The original architect Graham Southwell had designed it for his own family before being sold to another family lived there for almost 30 years. Leigh says they could tell it was a well-loved home, and the functional lay out meant they knew their updates would be strictly cosmetic.

‘I believe it was built in 1978, so slightly late to be considered mid-century, but it certainly has those sensibilities,’ she adds.

‘We think Graham was a resort designer, which tracks, because the house has an airy feel with lots of big windows, which stream in natural light and a really lovely flow to the spaces.’

Their renovations focused on modernising the bathrooms and the kitchen, including adding a walk-in pantry behind a playful deep-red arched doorway.

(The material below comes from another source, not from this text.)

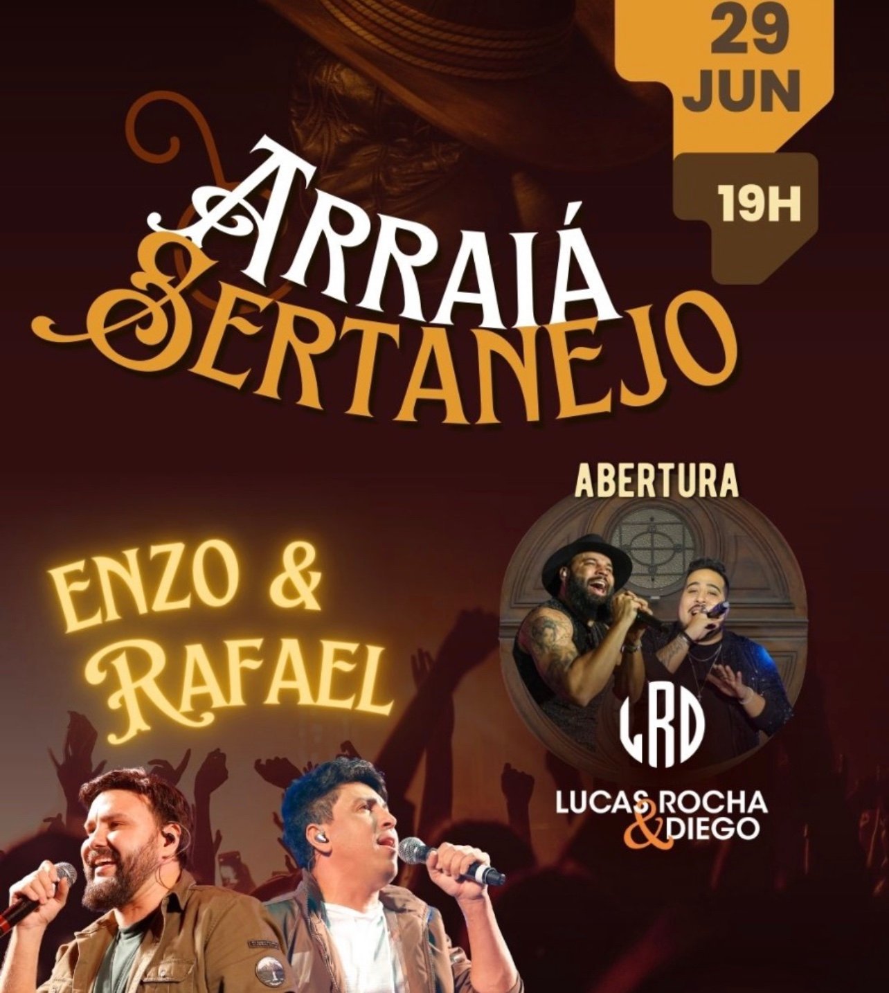 Tudo isso ao som do Enzo e Rafael que prometem fazer a gente cantar e dançar a noite toda! Abrindo o show deles teremos Lucas Rocha e Diego. Vai ser uma noite muito especial!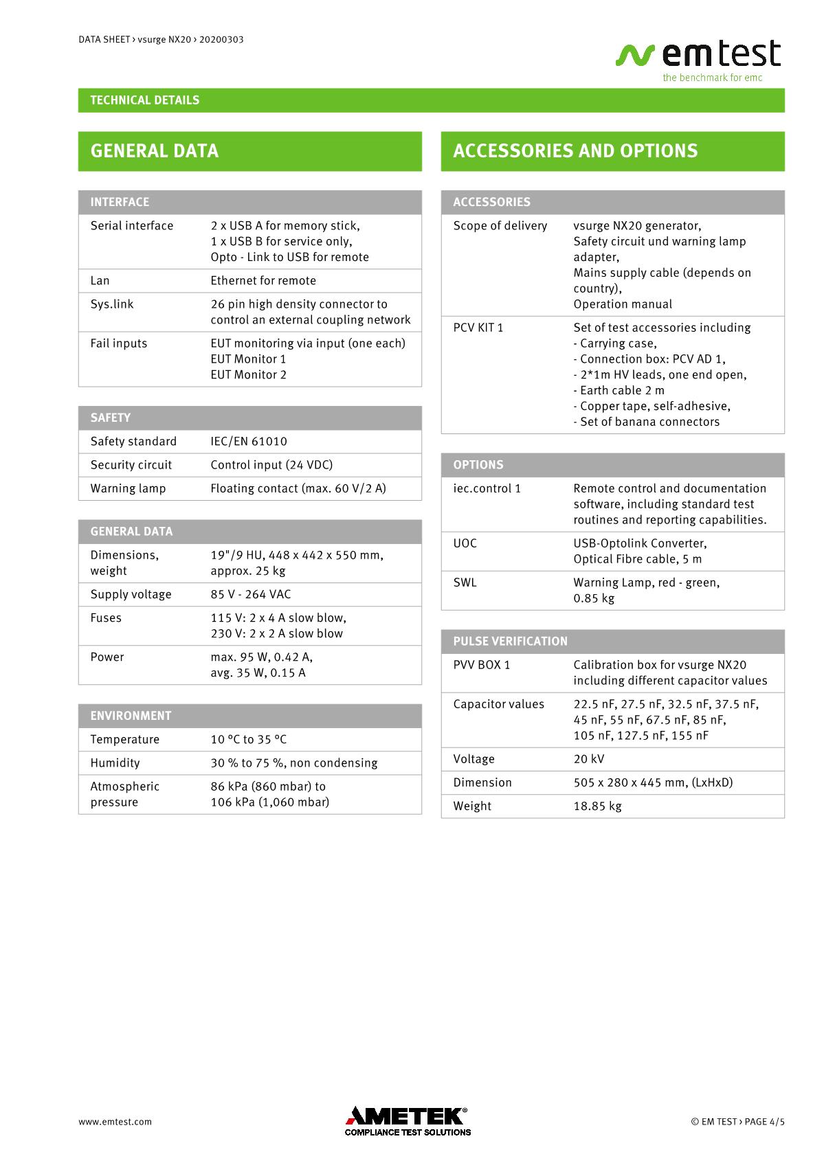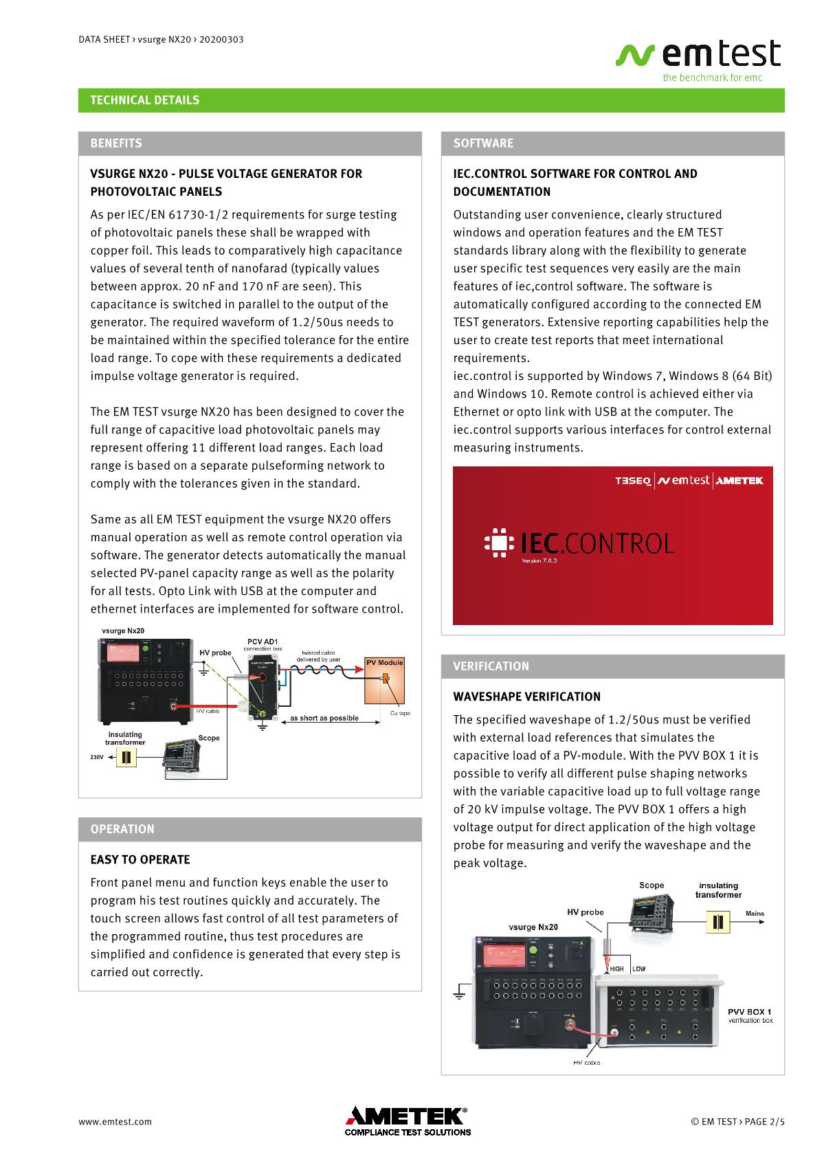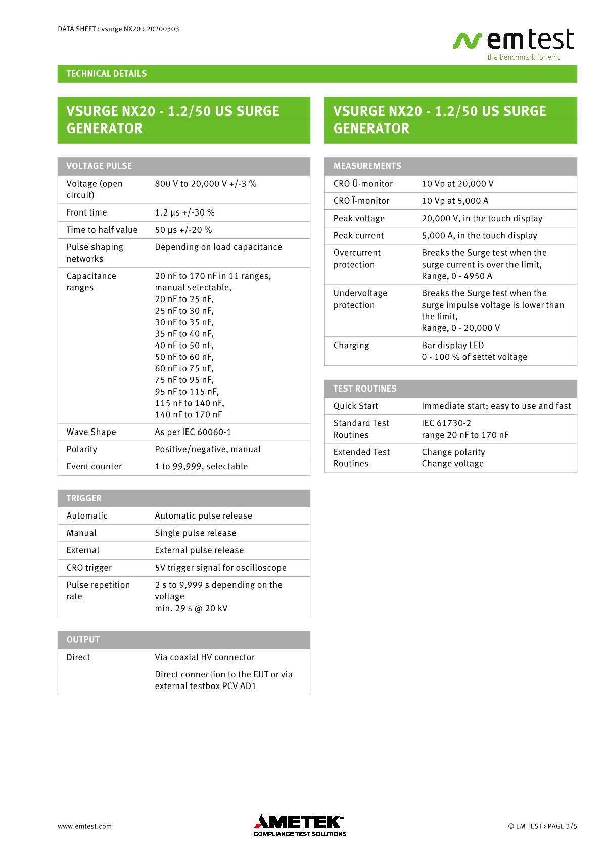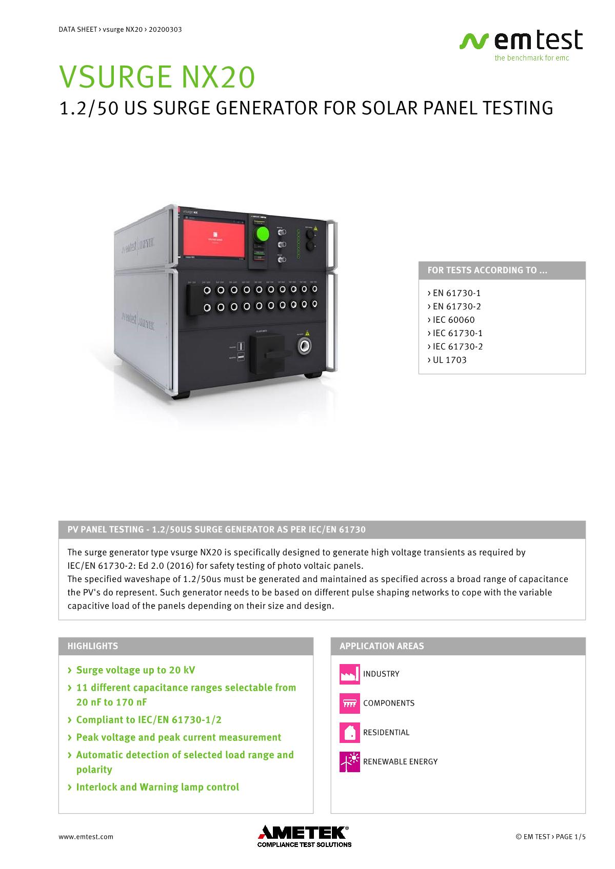 浪涌發(fā)生器vsurge NX20,品牌:EMTEST。高達20千伏的浪涌電壓,從20 nF到170 nF的11個不同電容范圍可選,符合IEC/EN 61730-1/2標準

Other sympathetic changes involved replacing the main bedroom’s worn-out light green carpet to a rich sea-blue, laying wider timber oak floors over ‘dated Kauri pine floors’, and installing new joinery.

Leigh worked on the redesign with Frank Designs founder Amelia Hesketh, who also helped source key vintage pieces that have enhanced the interiors’ existing warmth.

‘We wanted to keep and enhance all the beautiful original mid-century tones, and we went with a forest palette of oranges, greens and browns for the lounge and continued with greens and yellows in the formal dining,’ she explains.

The mix materials old and new is anchored by terrazzo accents, reflecting the deep reds, flecks of gold and light grey tones that run throughout the renovated house.

‘I love the way the light beams through all the different nooks and crannies and creates little glimmery waves of sunshine throughout of day,’ Leigh says.